David Jiménez García (born 1971) is a Spanish journalist and author, who worked as long-term reporter and war correspondent before becoming editor-in-chief of El Mundo. He has written several books, including the bestseller El director.

== Biography ==
Jiménez has worked as a correspondent and war reporter in over 30 countries. Born in Barcelona on 11 January 1971, he graduated in journalism in 1994, and later that year started working for El Mundo as an intern on its Madrid newsroom. In October 1998 he became the paper's first correspondent in Asia, remaining there until 2014 and covering conflicts in Afghanistan, Kashmir, Sri Lanka, Pakistan or East Timor. His coverage of Tibet induced the Chinese government to ban him from returning to that country. He travelled twice clandestinely to North Korea and was the only Western reporter to stay in Fukushima through the nuclear disaster of 2011.

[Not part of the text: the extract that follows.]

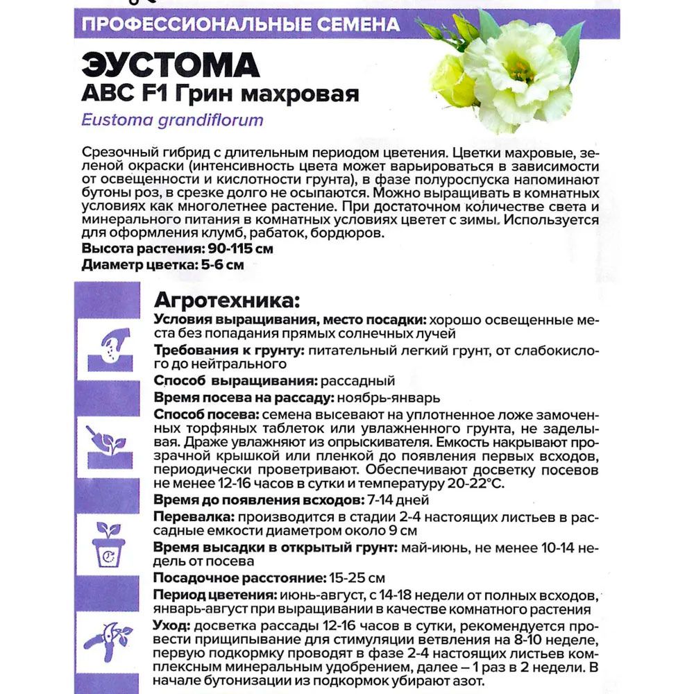 Эустома махровая ABC F1 Грин 5 шт Семена Алтая

Jiménez was interviewed in the 2025 crime documentary A Recipe for Murder, which detailed the murder investigation of Colombian surgeon Edwin Arrieta and his convicted murderer Daniel Sancho in Thailand.

Jiménez' reports have been published in The Guardian, The Toronto Star, The Sunday Times, and Esquire magazine. He has appeared on the CNN and BBC television channels. He is currently a columnist for The New York Times.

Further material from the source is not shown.